Linear Algebra: How can I demonstrate this lemma?

Question

I have a vector space $V$ with $\dim V = n$ and a base $\langle u_{1}, u_{2}, ... , u_{k}, ... , u_{n}\rangle$. I have to prove that $\langle u_{1}, ... , u_{k}\rangle \oplus \langle u_{k+1}, ... , u_{n}\rangle = V$. Any ideas?

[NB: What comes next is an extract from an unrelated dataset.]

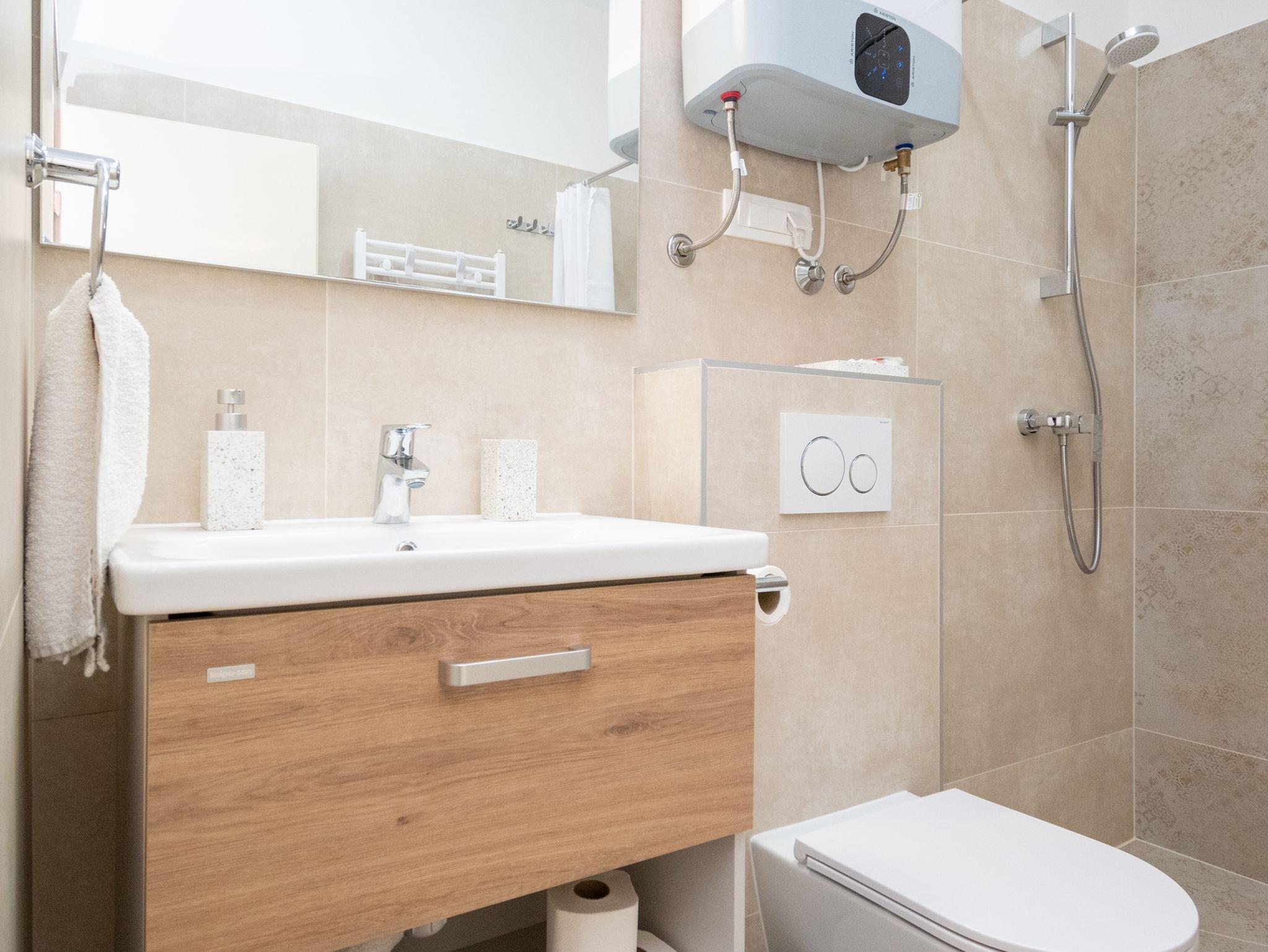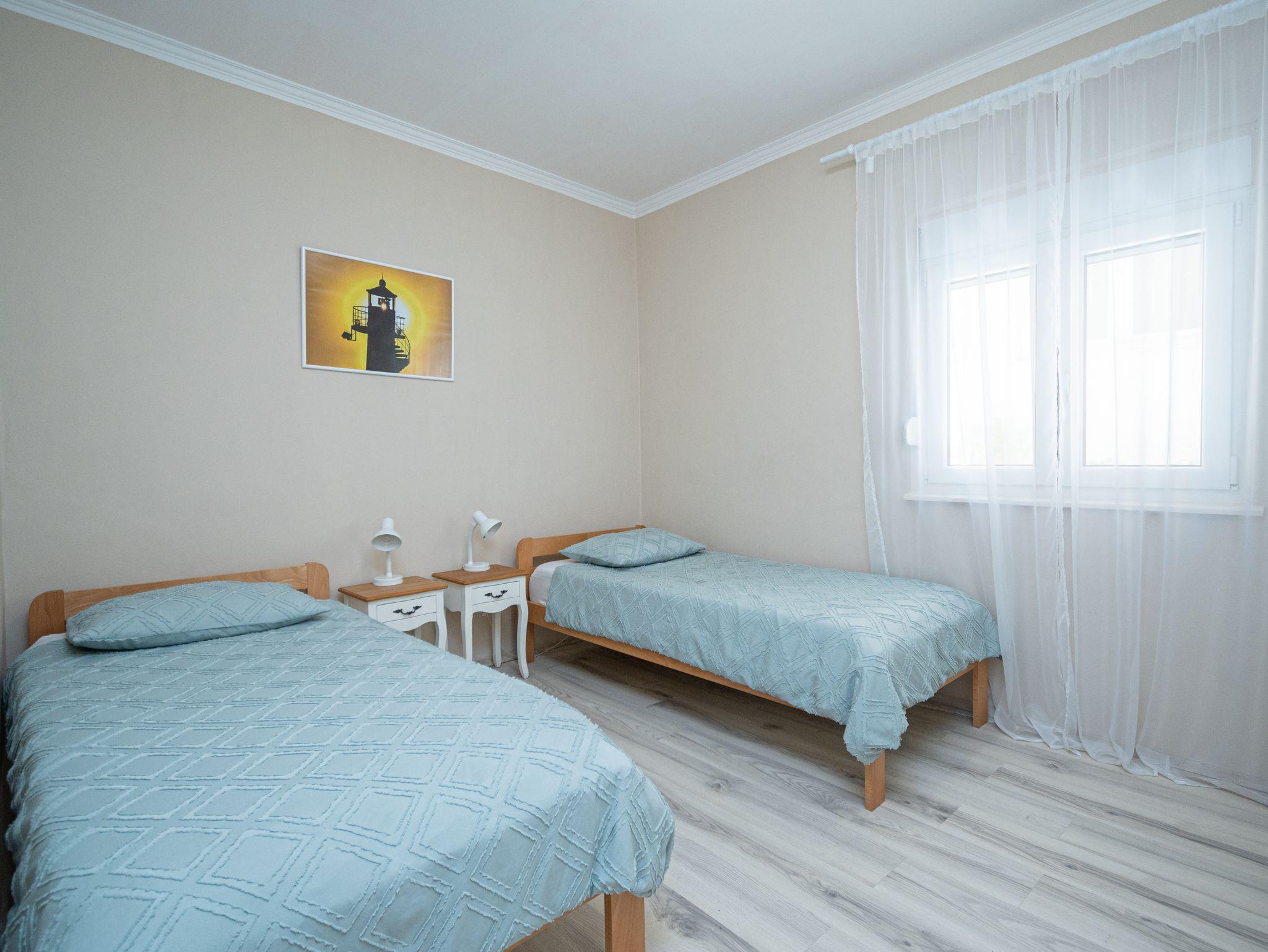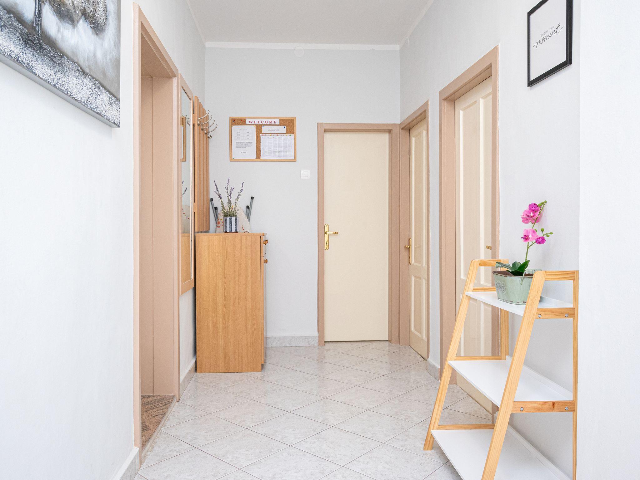 Ferienwohnung bietet Platz für 4 Gäste. Die Betten sind in Schlafzimmern, die es 2 gibt, innerhalb einer Gesamtfläche von 63m2, angeordnet. Die Gäste haben eine eigene Terrasse zur Verfügung, auf der sie in warmen Sommernächten genießen können. Es ist erlaubt, Speisen auf dem Gemeinschafts-Grill vorzubereiten. IM PREIS INBEGRIFFEN: Kurtaxe, Endreinigung, Klimatisierung, Parkplatz, Internet, Wäschewaschen, Kinderbett, Bügeleisen, Bügelbrett, Föhn, tragbarer Grill. VERBINDLICHE ZUSÄTZLICHE KOSTEN: Aufzahlung für Kurzaufenthalte (prozentualer Zuschlag pro Nächtigungsanzahl: 30% - 1, 20% - 2, 10% - 3). Die Verfügbarkeit zusätzlicher Dienstleistungen in Ihrem reservierten Termin und die Preise derselben (falls nicht aufgeführt) müssen im Voraus überprüft werden. Zusätzliche Dienstleistungen die in der Zahlungsaufforderung nicht aufgeführt sind werden direkt beim Vermieter bezahlt, angenommen der Gast nutzt auch diese. Ermäßigung auf den Grundpreis: Gratistag 14=13 (bei einem Aufenthalt von 14 Tagen oder mehr erhalten Sie einen Gratistag für den Aufenthalt bis 31.12.26).

I've tried to show that taken $x \in \langle u_{1}, ... , u_{k}\rangle, x' \in \langle u_{k+1}, ... , u_{n}\rangle\Rightarrow x+x' = 0 \iff x = 0$ and $x'=0$ for the definition of direct sum, but I don't know how this could help.

Answer 1

Since$$u_1,\ldots u_k\in\langle u_1,\ldots u_k\rangle\text{ and }u_{k+1},\ldots u_n\in\langle u_{k+1},\ldots u_n\rangle,$$you know that$$u_1,\ldots,u_n\in\langle u_1,\ldots,u_k\rangle+\langle u_{k+1},\ldots,u_n\rangle$$ and, since $\{u_1,\ldots u_n\}$ is a basis, it generates $V$, and therefore$$\langle u_1,\ldots u_k\rangle+\langle u_{k+1},\ldots u_n\rangle=V.$$On the other hand, if $v\in\langle u_1,\ldots u_k\rangle\cap\langle u_{k+1},\ldots,u_n\rangle$, then $v$ can be written both as$$v=\sum_{j=1}^k\alpha_ju_j\text{ and }v=\sum_{j=k+1}^n\alpha_ju_j.$$This means that$$\alpha_1u_1+\cdots\alpha_ku_k-\alpha_{k+1}u_{k+1}-\cdots-\alpha_nu_n=0.$$Since $\{u_1,\ldots u_n\}$ is a basis, all the $\alpha_j$'s are $0$. This proves that$$\langle u_1,\ldots u_k\rangle\cap\langle u_{k+1},\ldots,u_n\rangle=\{0\}.$$